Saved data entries
++++++++++++++++++++

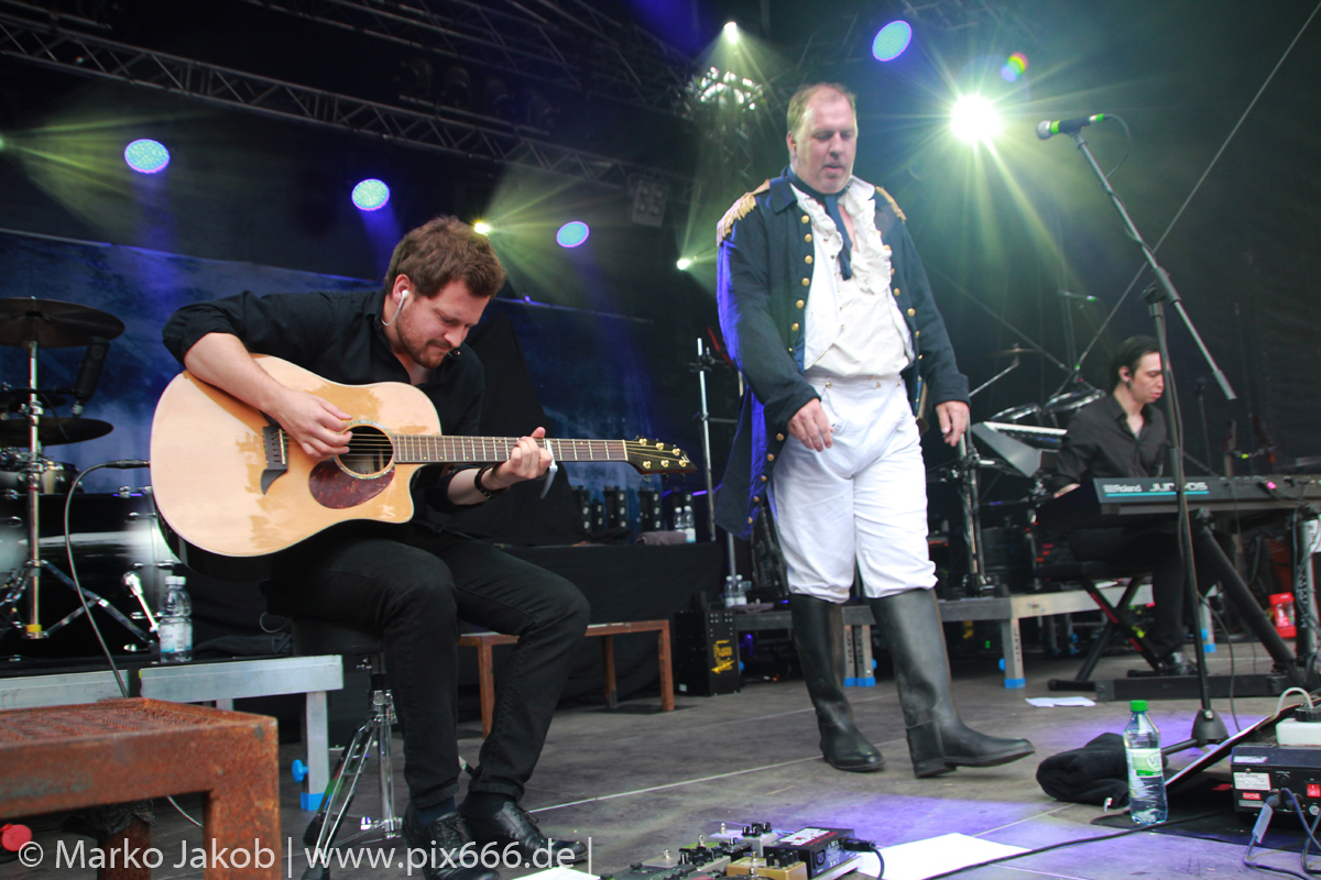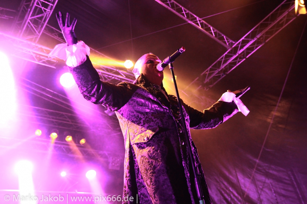 Alle, die es rechtzeitig geschafft hatten, erlebten eine grandiose Show in einer perfekten Location. Ronald Zeidler alias Major Voice wurde bei seinem Auftritt von Tim Steiner an der Gitarre und Gared Dirge von Lord Of The Lost am Piano begleitet. Mit seiner außergewöhnlich tollen Opernstimme hatte er von Beginn an die volle Aufmerksamkeit aller Anwesenden. Major Voice präsentierte Songs von seinem Debutalbum ‚A New Chapter‘, welches im November 2017 erschienen ist. Darunter waren unter anderem absolut gelungene Coverversionen der bekannten 80er Jahre Hits ‚Wicked Game‘ und ‚Wonderful Life‘.
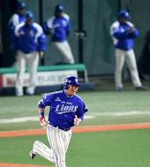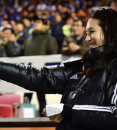 2014.11.07 22: 22이승엽 아내 이송정,'덕아웃으로들어가는 남편에게 건네는 손인사'
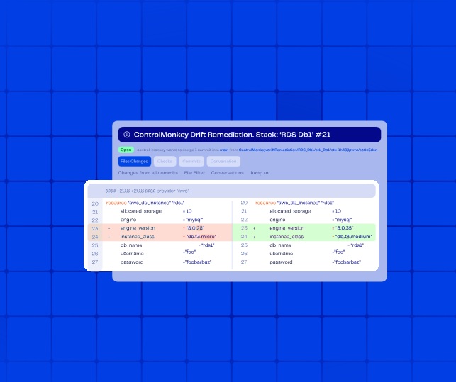 As the only fully end-to-end Terraform-first automation platform, ControlMonkey gives you full cloud visibility, automatic Terraform code generation, built-in drift remediation, and infrastructure disaster recovery out of the box.
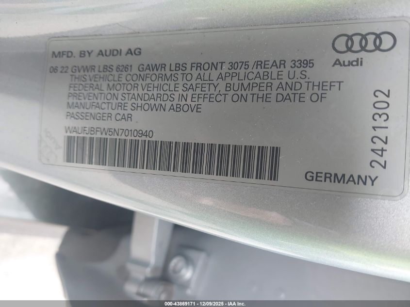 2022 AUDI E-TRON 2022 року Электрический, 0.0, Полный привод, vin - WAUFJBFW5N7010940 из США
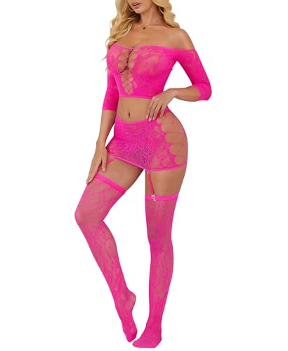 Lilosy Sexy Stocking Underwire Babydoll Lace Mesh Garter Lingerie Set with Panty 4 Piece
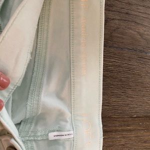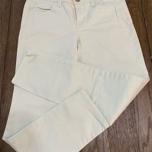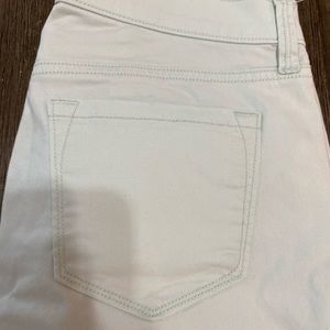 Pale blueish green lightweight pant. Has a nice stretch but still holds form. Loved these pants but had a baby and outgrew then. No flaws, smoke free pet free.
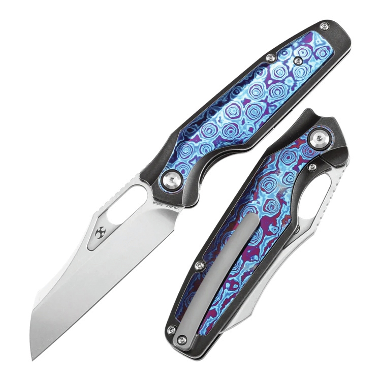 Premium Kansept Tuckamore folding tool. Features a 3.54-inch CPM 20CV steel sheepsfoot blade for precise utility. The blackwash titanium and Timascus handle offers a lightweight, ergonomic grip for all outdoor activities.
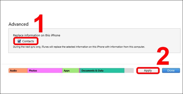 Bước 2: Kéo xuống mục Advanced và tích vào mục Contacts trong mục Replace information in this iPhone > Chọn Apply.![]()
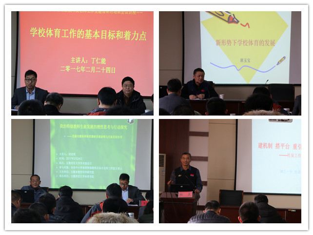 会议分两个阶段进行,第一阶段由体卫艺处主任科员丁仁能、437ccm必赢国际版院长席玉宝教授、省特级教师芜湖市体育教研员胡亚明、省特级教师名师工作室负责人杜泉分别做主题报告,第二阶段为交流研讨。报告会上,丁仁能针对学校体育工作的基本目标和着力点进行分析;席玉宝从国外形势和国内形势两大方面强调体育已经成为全球关注的热点,发展进程势不可挡;胡亚明讲述了“我的特级教师生涯发展的理性思考与行动探索”,从教材的制高点上上好体育课,从为学而教的制高点上去评价和反思日常教学;杜泉从自身体育名师工作室建设出发,分享了自己工作室“建机制、搭平台、重引领、勤管理”的有效经验。
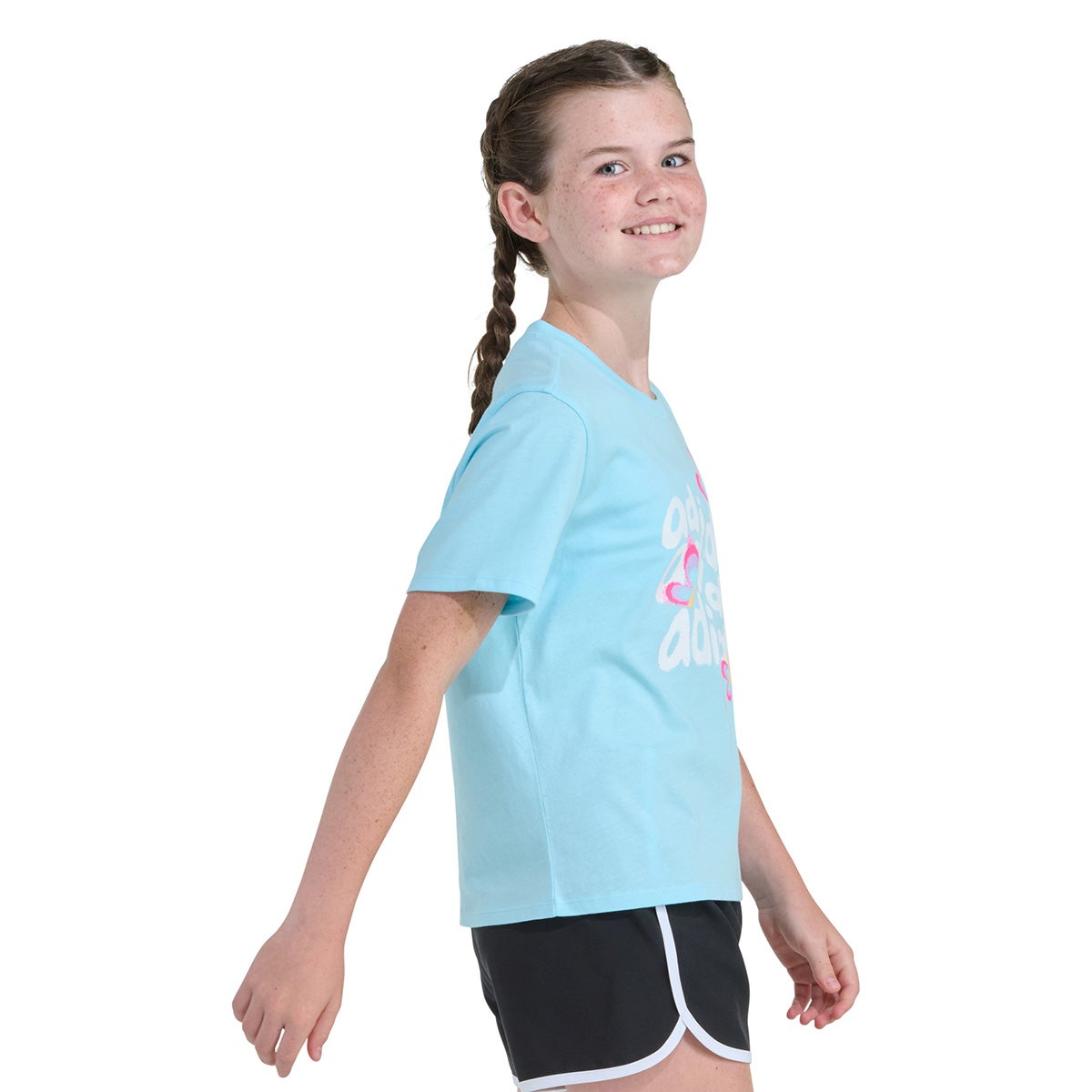 Let your little one's imagination soar with this playful adidas t-shirt. Featuring a whimsical warped triple stack logo adorned with butterflies, it's terrific for school days or playtime adventures.Crafted from soft cotton jersey, this versatile piece offers a regular fit and rib-knit crewneck for comfort, whilst the straight hem adds a touch of style. This t-shirt brings a splash of fun to th
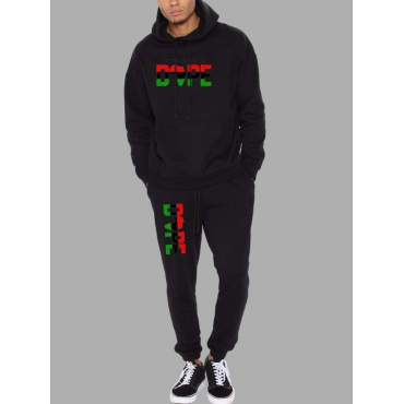 Lovely Street Letter Print Drawstring Black Men Two Piece Pants Set

++++++++++++++++++++

§ PROBLEM TO WORK ON:
In the copy, no picture may appear; the records themselves must be output exactly.

§ RESPONSE TO THE TASK:
 Alle, die es rechtzeitig geschafft hatten, erlebten eine grandiose Show in einer perfekten Location. Ronald Zeidler alias Major Voice wurde bei seinem Auftritt von Tim Steiner an der Gitarre und Gared Dirge von Lord Of The Lost am Piano begleitet. Mit seiner außergewöhnlich tollen Opernstimme hatte er von Beginn an die volle Aufmerksamkeit aller Anwesenden. Major Voice präsentierte Songs von seinem Debutalbum ‚A New Chapter‘, welches im November 2017 erschienen ist. Darunter waren unter anderem absolut gelungene Coverversionen der bekannten 80er Jahre Hits ‚Wicked Game‘ und ‚Wonderful Life‘.
 2014.11.07 22: 22이승엽 아내 이송정,'덕아웃으로들어가는 남편에게 건네는 손인사'
 As the only fully end-to-end Terraform-first automation platform, ControlMonkey gives you full cloud visibility, automatic Terraform code generation, built-in drift remediation, and infrastructure disaster recovery out of the box.
 2022 AUDI E-TRON 2022 року Электрический, 0.0, Полный привод, vin - WAUFJBFW5N7010940 из США
 Lilosy Sexy Stocking Underwire Babydoll Lace Mesh Garter Lingerie Set with Panty 4 Piece
 Pale blueish green lightweight pant. Has a nice stretch but still holds form. Loved these pants but had a baby and outgrew then. No flaws, smoke free pet free.
 Premium Kansept Tuckamore folding tool. Features a 3.54-inch CPM 20CV steel sheepsfoot blade for precise utility. The blackwash titanium and Timascus handle offers a lightweight, ergonomic grip for all outdoor activities.
 Bước 2: Kéo xuống mục Advanced và tích vào mục Contacts trong mục Replace information in this iPhone > Chọn Apply.![]()
 会议分两个阶段进行,第一阶段由体卫艺处主任科员丁仁能、437ccm必赢国际版院长席玉宝教授、省特级教师芜湖市体育教研员胡亚明、省特级教师名师工作室负责人杜泉分别做主题报告,第二阶段为交流研讨。报告会上,丁仁能针对学校体育工作的基本目标和着力点进行分析;席玉宝从国外形势和国内形势两大方面强调体育已经成为全球关注的热点,发展进程势不可挡;胡亚明讲述了“我的特级教师生涯发展的理性思考与行动探索”,从教材的制高点上上好体育课,从为学而教的制高点上去评价和反思日常教学;杜泉从自身体育名师工作室建设出发,分享了自己工作室“建机制、搭平台、重引领、勤管理”的有效经验。
 Let your little one's imagination soar with this playful adidas t-shirt. Featuring a whimsical warped triple stack logo adorned with butterflies, it's terrific for school days or playtime adventures.Crafted from soft cotton jersey, this versatile piece offers a regular fit and rib-knit crewneck for comfort, whilst the straight hem adds a touch of style. This t-shirt brings a splash of fun to th
 Lovely Street Letter Print Drawstring Black Men Two Piece Pants Set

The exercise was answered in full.